> _BRIEF_: Copy word for word the lines in the records below, starting at the line with "开心祖玛游戏是一款操作十分简" and ending at the line with "Download the Augmented". Skip the pictures.

> _RECORDS FOR THIS TASK_:
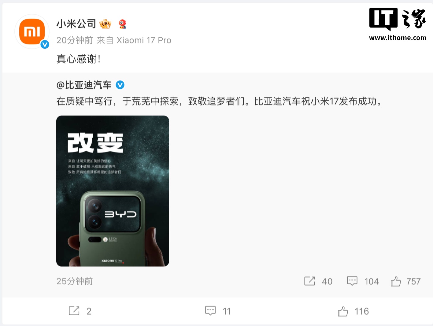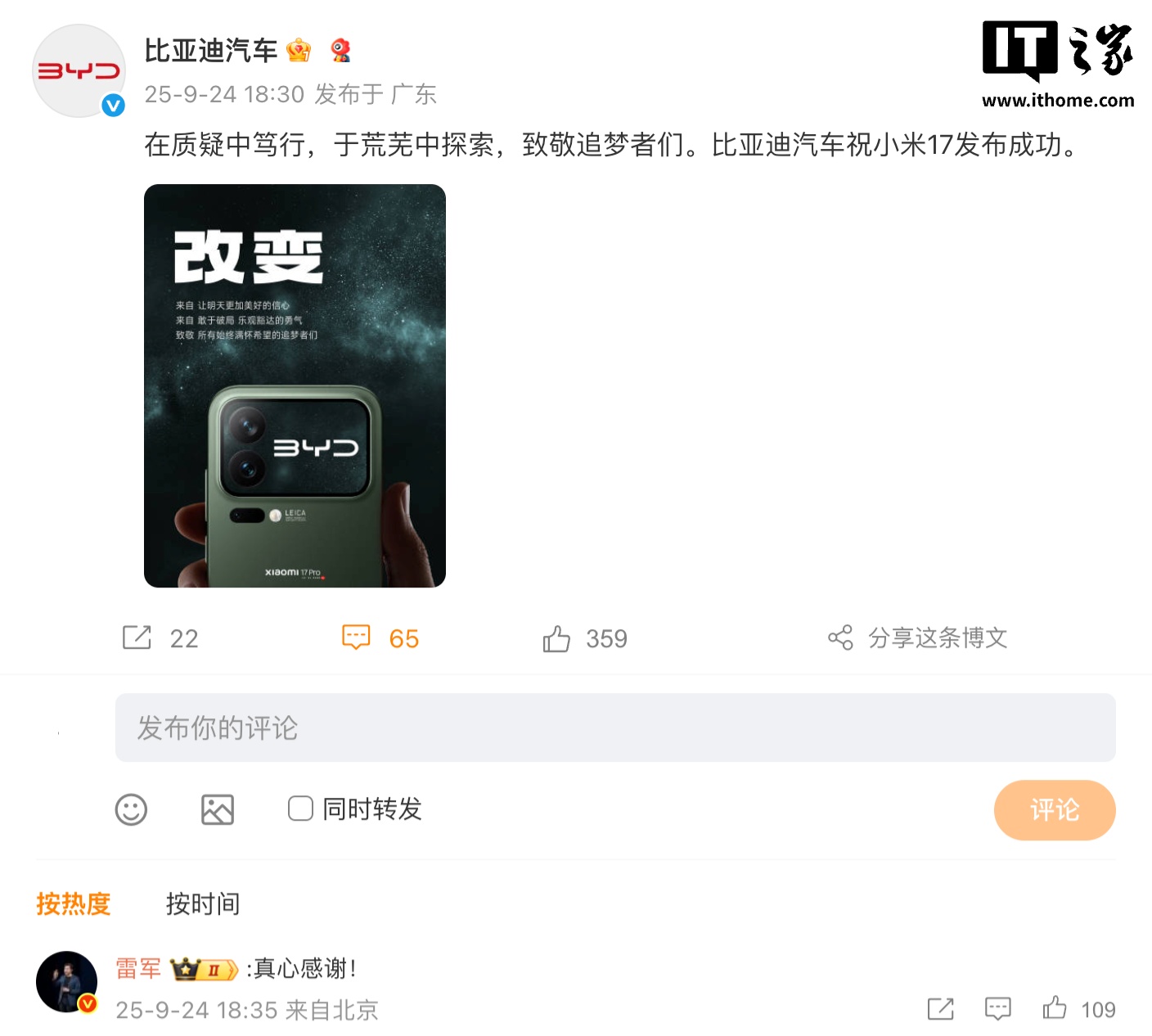 IT之家 9 月 24 日消息,今天傍晚,比亚迪汽车官微发文:“在质疑中笃行,于荒芜中探索,致敬追梦者们。比亚迪汽车祝小米 17 发布成功。”
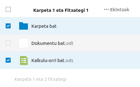Deskargatu nahi ditugun fitxategi eta karpeten errenkaden hasierako kontrol-laukiak hautatuko ditugu. Adibidez, irudian Karpeta bat izeneko karpeta eta Kalkulu-orri bat izeneko fitxategia daude hautatuta.
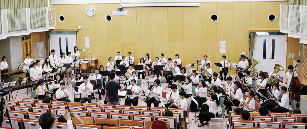 今回は、台湾側から受け入れの依頼があり、台中市民吹奏楽団のメンバー37人とその家族5人が同校を初めて訪問した。同校吹奏楽部顧問の角野文彦教諭らは、「台湾の方々と演奏できる貴重な体験」と受け入れを決めた。
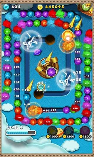 开心祖玛游戏是一款操作十分简单十分休闲的闯关游戏,采用的是经典的祖玛规则玩法,你需要在关卡中发射你的彩色小球将相同颜色的小球达到三个或者以上就可以进行消除获得积分,轻柔舒缓的背景音乐让你玩的更沉浸,而且游戏的关卡十分的多样
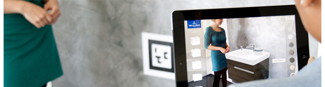 Download the Augmented Reality app and project ViPrint decors, true to the original, into your own bathroom. Find out more
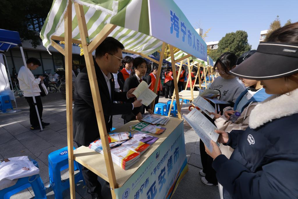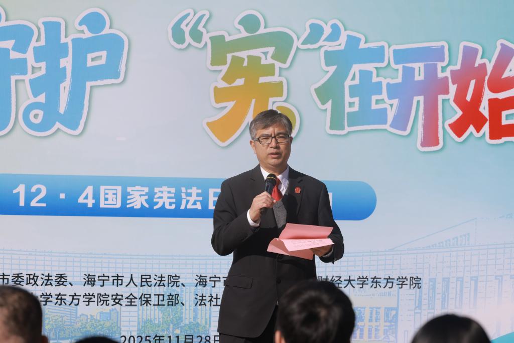 活动特邀浙江财经大学东方学院副院长张伟飚,海宁市法院审判委员会专职委员郭百顺,海宁市司法局党委委员、政治处主任王亮,海宁市委政法委平安综治督导室主任杜泽翼,浙江财经大学东方学院组织宣传部部长任海霞、团委书记宣刚、安全保卫部副部长崔艳明、法社学院党总支书记叶颖蕊、科技管理部副部长及法社学院副教授韩娟、平安驿站站长陈力警官等嘉宾出席。活动现场多元法治力量齐聚现场,与学院师生面对面交流互动,以专业视角解读宪法要义、普及法律知识,共同营造“尊崇宪法、学习宪法、遵守宪法、维护宪法、运用宪法”的浓厚校园氛围。

> _SOLUTION TO THIS EXERCISE_:
 开心祖玛游戏是一款操作十分简单十分休闲的闯关游戏,采用的是经典的祖玛规则玩法,你需要在关卡中发射你的彩色小球将相同颜色的小球达到三个或者以上就可以进行消除获得积分,轻柔舒缓的背景音乐让你玩的更沉浸,而且游戏的关卡十分的多样
 Download the Augmented Reality app and project ViPrint decors, true to the original, into your own bathroom. Find out more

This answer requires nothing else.